The game has 30 characters representing a cross-section of European forces at the time, including Serbian terrorists, a German arms dealer, Russian aristocrats, an Austrian spy posing as a concert violinist, a British secret agent, and a mysterious art collector. As the train races east, the player must stay alive while interacting with these characters: eavesdropping on conversations, sneaking into compartments, defusing a bomb, getting attacked, and so on. The story is non-linear, with the player's actions (and failures to act) determining the course of the story; as a result, the game's script is an extraordinary 800 pages long.
Technology
The Last Express is a unique game in that it takes place in almost complete real-time (e.g. thirty minutes of real-life time translates into thirty minutes of game time). The game begins at 7:14 PM on July 24th, 1914, and ends at 6:30 PM on July 27th (if the player has made it all the way to the proper ending). The only time that the game does not take place in real-time is when Cath sleeps, or is knocked unconscious, as well as in a few cutscenes. This technique is put to great use in the game in the concert portion, in which two of the non-player characters perform a piano/violin duet that lasts aproximately twenty minutes of real-time, during which the player is free to sit down and and enjoy the music, or move as he pleases. The game's some thirty characters are all semi-intelligent and each have their own agendas, moving around on their own, or changing their plans due to player intervention. In this way, the game has great replay value, as the branching paths this creates makes no two plays of the game alike. In addition, the game has multiple endings, most (about thirty) being "fatal", meaning that the player is either killed or arrested. There are four "non-fatal" endings, of which only one is considered to be the proper ending.
Publishing
The 3 CD game was published on a combined Mac and PC disc in April 1997. Following a bidding war between all the major game publishers, Brøderbund, Softbank, and GameBank split the worldwide distribution rights for various platforms. There are six languages spoken in the game (which are subtitled for languages that Cath understands), and dubbed versions of The Last Express were soon released in French, German, Spanish, Italian, and Japanese.
Ratings
The Last Express received rave reviews both in print and online. Newsweek called it "exquisite" and "thrilling" and MSNBC said "the mystery and characters are very fascinating" and "this game is definitely for everyone." Games magazine declared it the Best New Adventure and Role Playing Game, and it received Editor's Choice awards from PC Gamer, Computer Gaming World, Next Generation, and dozens of game websites, including a gold medal from GamesDomain.
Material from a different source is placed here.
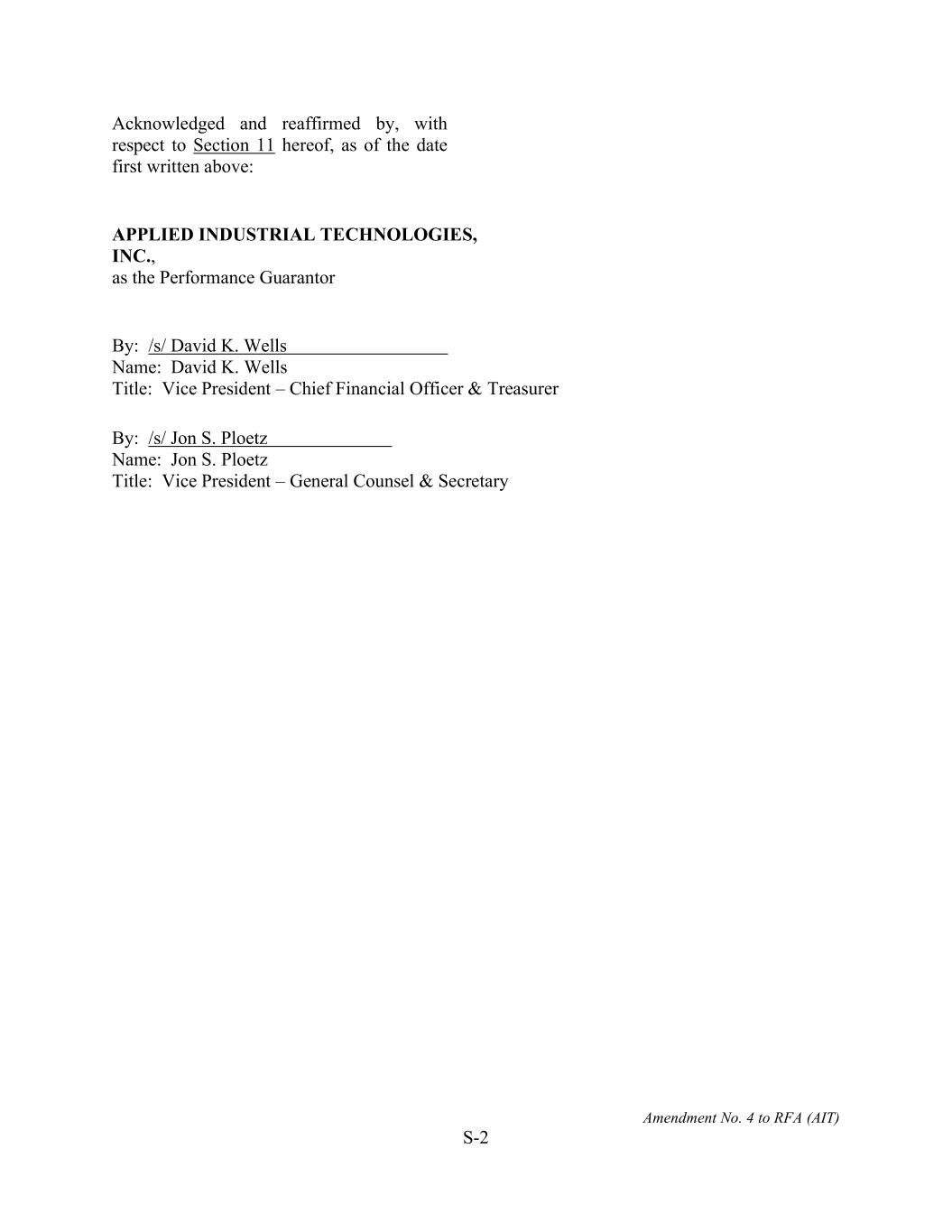 Amendment No. 4 to RFA (AIT) S-2 Acknowledged and reaffirmed by, with respect to Section 11 hereof, as of the date first written above: APPLIED INDUSTRIAL TECHNOLOGIES, INC., as the Performance Guarantor By: /s/ David K. Wells Name: David K. Wells Title: Vice President – Chief Financial Officer & Treasurer By: /s/ Jon S. Ploetz Name: Jon S. Ploetz Title: Vice President – General Counsel & Secretary

However, the game only remained in stores for a few months. Brøderbund's marketing department quit just weeks before the game was released, resulting in virtually no advertising for it. Softbank pulled out of the game market, dissolving its subsidiary GameBank and canceling several dozen titles in development, including the nearly finished PlayStation port of The Last Express. As a final ironic blow, Brøderbund was acquired by The Learning Company, which was only interested in their educational and home productivity software. The Last Express was out of print long before its first Christmas season and nearly a million units shy of breaking even.
Looking back
Given the high development costs, and the odds against a first-person adventure selling one million units, it is unlikely that The Last Express would have made a profit, even had it remained in print. However, by dropping their support of an already completed game, Brøderbund and Softbank most likely increased their losses.
In 2000, the game publisher Interplay bought the lapsed rights and began quietly selling the game. A short time later, they ceased this practice, so the game is once again out of print. The game can, however, still be found on Ebay.